Take the line that contains "Первый детский Stand-Up" and each line after it to the end of the data below, and set them down exactly, omitting pictures.

**The data:**
──────────

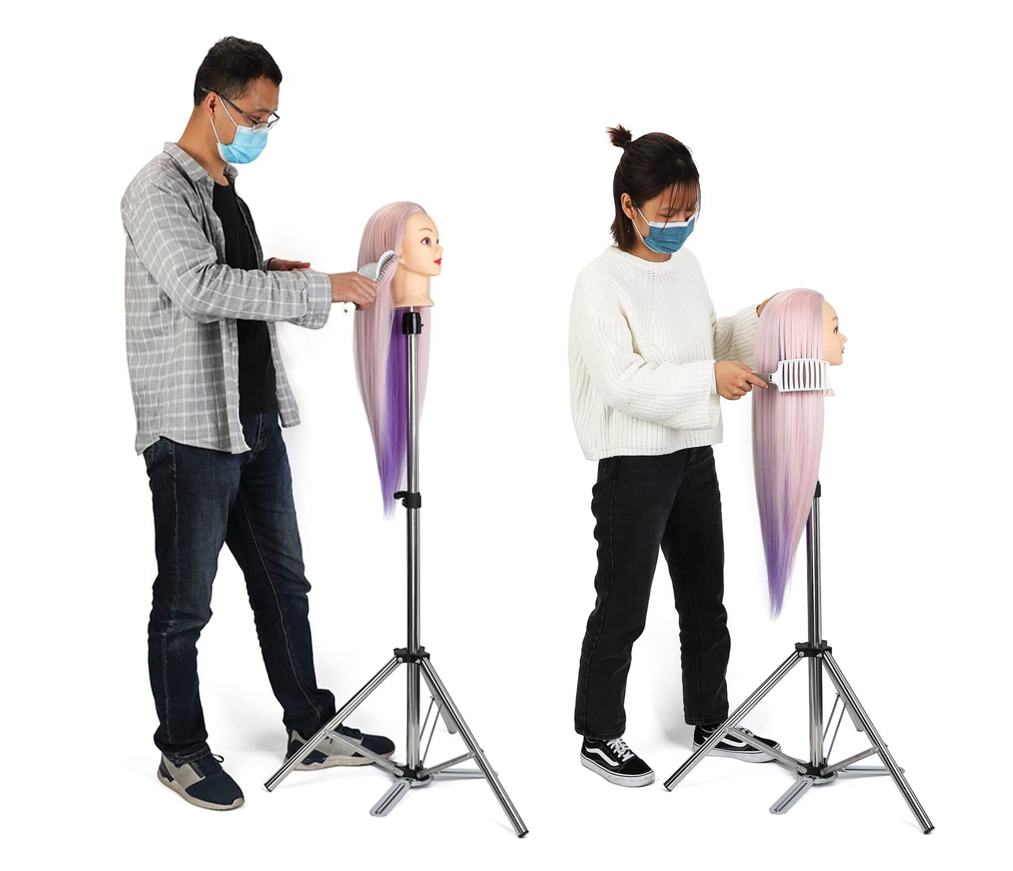 【可調節スタンドクランプ】マネキンスタンドを使用すると、より便利で360度に調整可能です。マネキンヘッドスタンドの中のネジを調節すると、高度を自由に調節できます。ウィッグに化粧、ウィッグカットなどの練習にとても便利です。
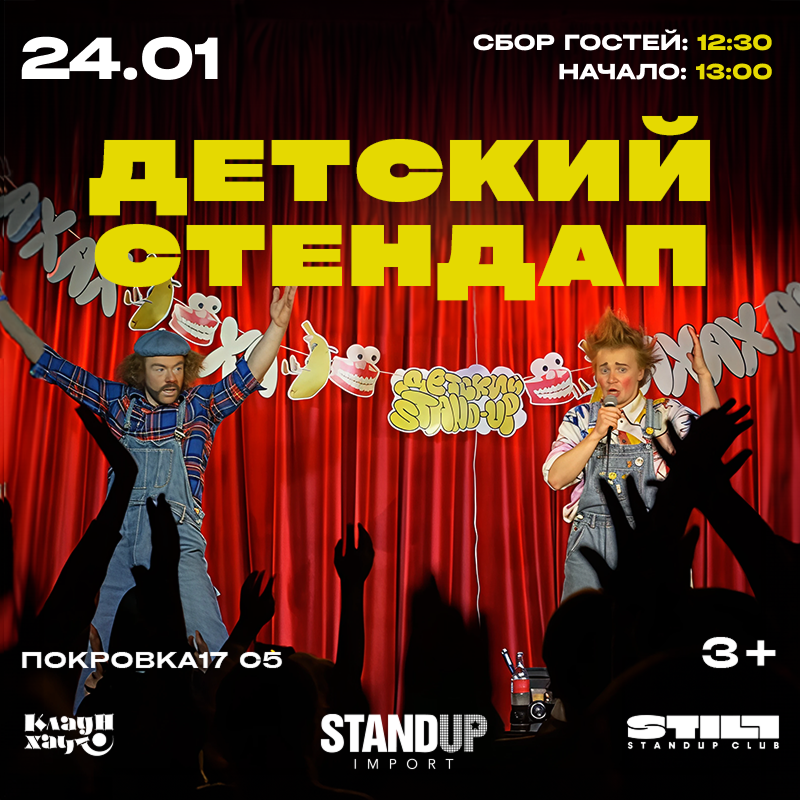 Первый детский Stand-Up концерт с участием лучших клоунов, комиков и артистов оригинального жанра. Эксцентрично-комедийное шоу для всей семьи.
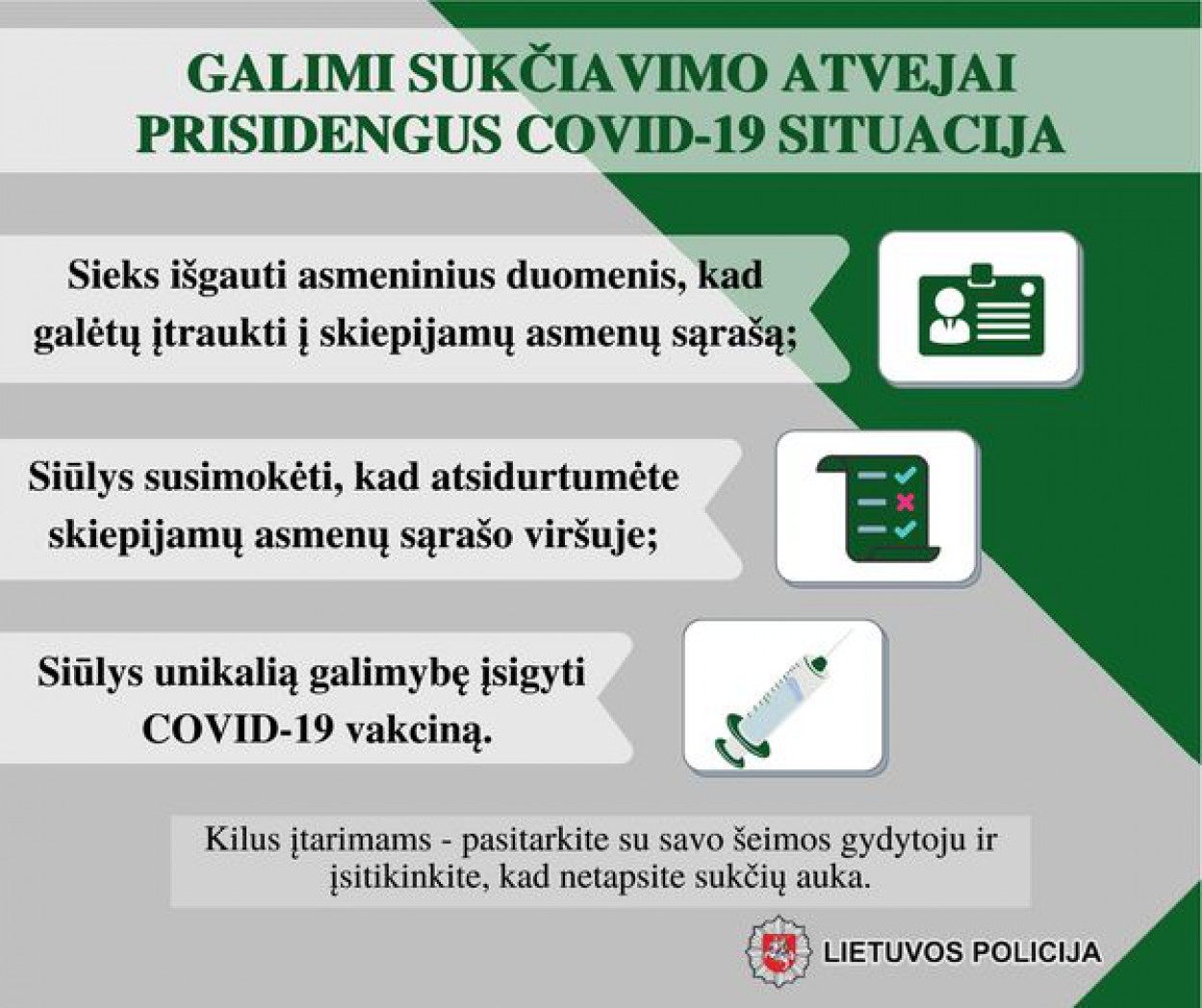 - Sukčiai gali siekti išgauti asmeninius duomenis aiškindami, jog šių reikia siekiant jus įtraukti į skiepijamų asmenų sąrašą;

──────────

**Expected answer:**
 Первый детский Stand-Up концерт с участием лучших клоунов, комиков и артистов оригинального жанра. Эксцентрично-комедийное шоу для всей семьи.
 - Sukčiai gali siekti išgauti asmeninius duomenis aiškindami, jog šių reikia siekiant jus įtraukti į skiepijamų asmenų sąrašą;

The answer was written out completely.